#### Assigned task
From the entries below, print exactly the span beginning with the line holding "Conversation Sentiment Analysis" and ending with the line holding "早先刚有现代家装的时候,家家", endpoints included, and skip any pictures.

#### Extracted entries

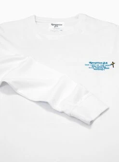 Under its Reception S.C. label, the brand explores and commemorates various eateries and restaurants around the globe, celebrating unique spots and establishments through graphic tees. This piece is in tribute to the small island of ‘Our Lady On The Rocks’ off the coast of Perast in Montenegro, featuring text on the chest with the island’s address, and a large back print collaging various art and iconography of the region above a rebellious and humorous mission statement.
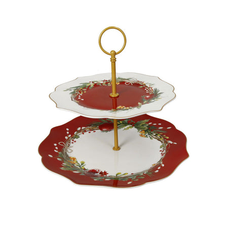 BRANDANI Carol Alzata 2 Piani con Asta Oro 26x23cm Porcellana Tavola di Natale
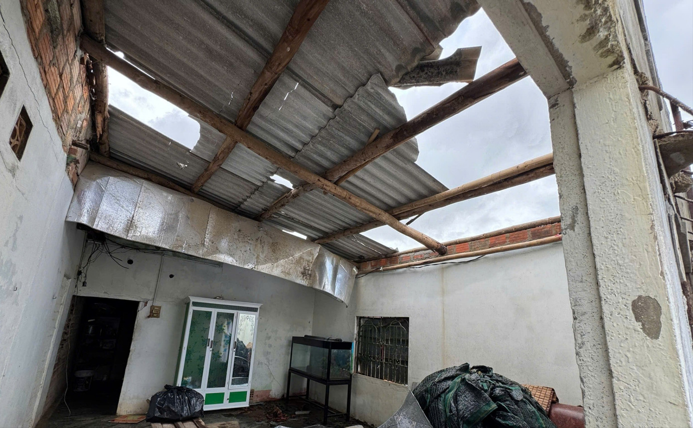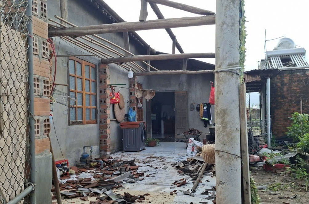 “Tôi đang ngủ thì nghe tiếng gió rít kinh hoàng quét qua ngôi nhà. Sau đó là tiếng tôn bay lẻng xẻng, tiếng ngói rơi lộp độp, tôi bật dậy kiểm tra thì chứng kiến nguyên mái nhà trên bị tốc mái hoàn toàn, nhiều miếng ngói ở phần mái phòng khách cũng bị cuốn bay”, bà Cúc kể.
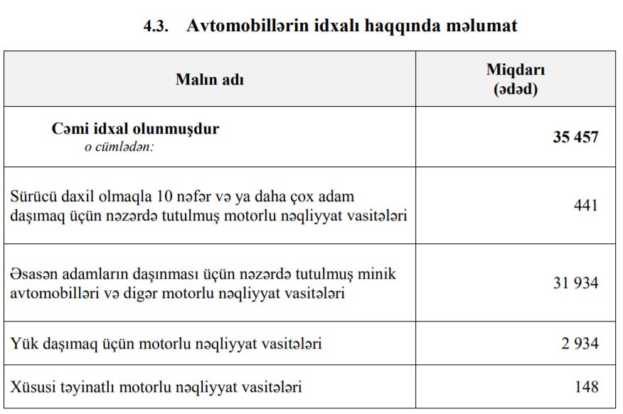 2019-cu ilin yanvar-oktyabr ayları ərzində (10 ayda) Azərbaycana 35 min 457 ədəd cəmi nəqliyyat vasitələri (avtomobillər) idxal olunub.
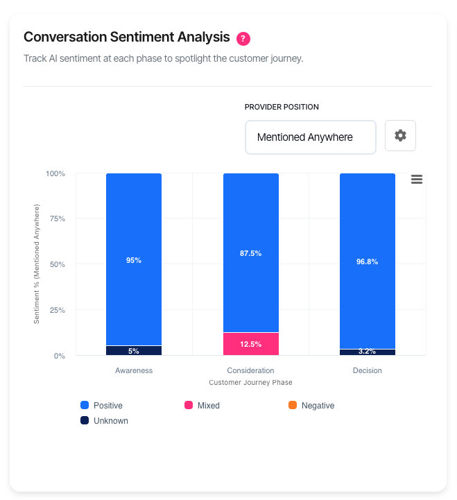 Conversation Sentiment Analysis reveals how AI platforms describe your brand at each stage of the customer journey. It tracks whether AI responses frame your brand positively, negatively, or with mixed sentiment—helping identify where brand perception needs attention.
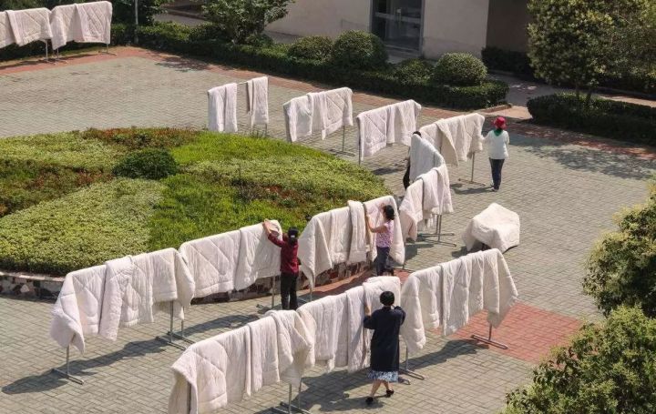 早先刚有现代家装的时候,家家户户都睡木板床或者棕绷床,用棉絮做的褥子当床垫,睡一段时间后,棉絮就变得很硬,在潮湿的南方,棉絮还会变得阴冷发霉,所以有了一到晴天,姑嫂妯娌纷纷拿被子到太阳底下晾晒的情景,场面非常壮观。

---

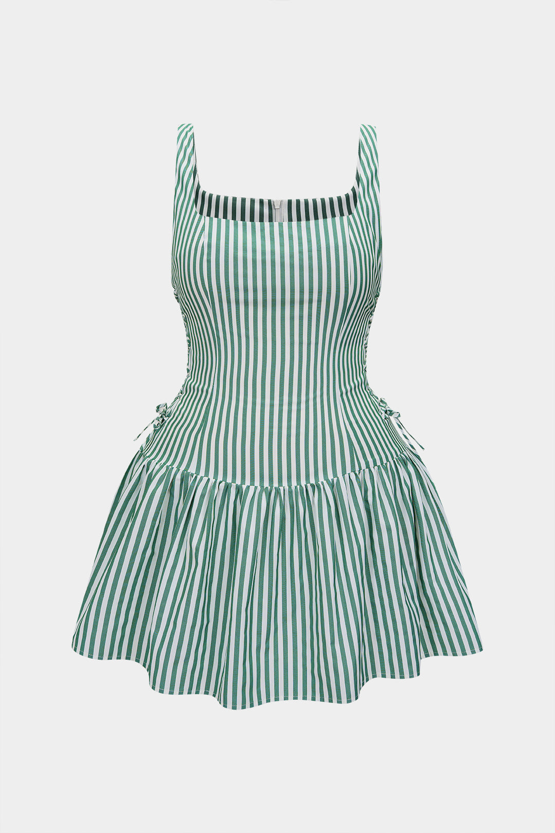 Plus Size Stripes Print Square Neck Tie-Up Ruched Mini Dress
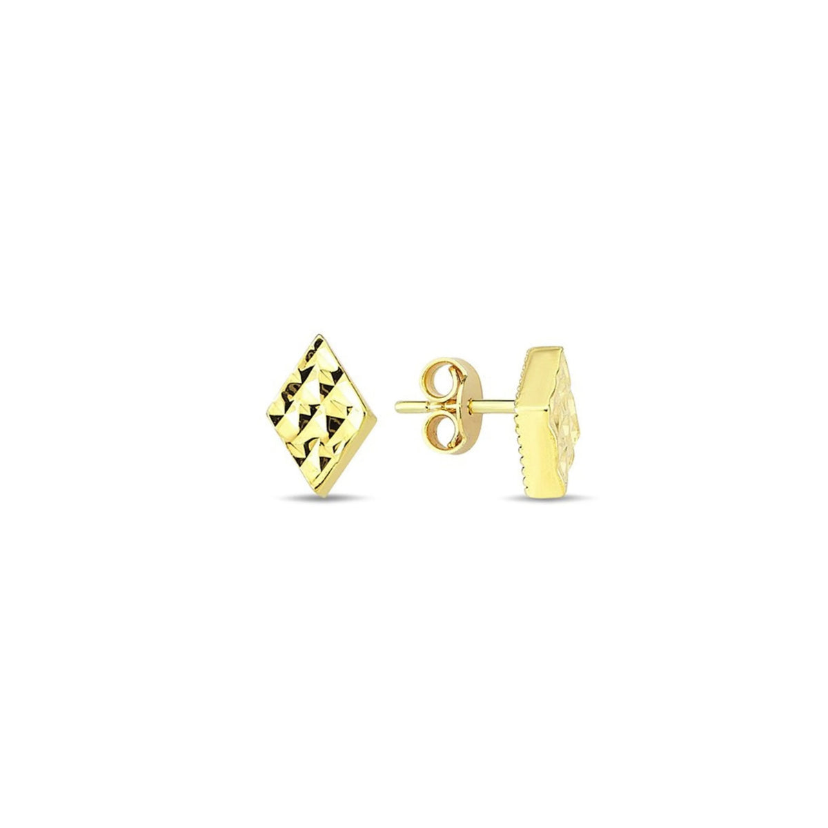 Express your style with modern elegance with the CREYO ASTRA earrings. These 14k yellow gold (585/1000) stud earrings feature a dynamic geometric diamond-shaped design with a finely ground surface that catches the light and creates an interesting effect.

#### Final answer
 Conversation Sentiment Analysis reveals how AI platforms describe your brand at each stage of the customer journey. It tracks whether AI responses frame your brand positively, negatively, or with mixed sentiment—helping identify where brand perception needs attention.
 早先刚有现代家装的时候,家家户户都睡木板床或者棕绷床,用棉絮做的褥子当床垫,睡一段时间后,棉絮就变得很硬,在潮湿的南方,棉絮还会变得阴冷发霉,所以有了一到晴天,姑嫂妯娌纷纷拿被子到太阳底下晾晒的情景,场面非常壮观。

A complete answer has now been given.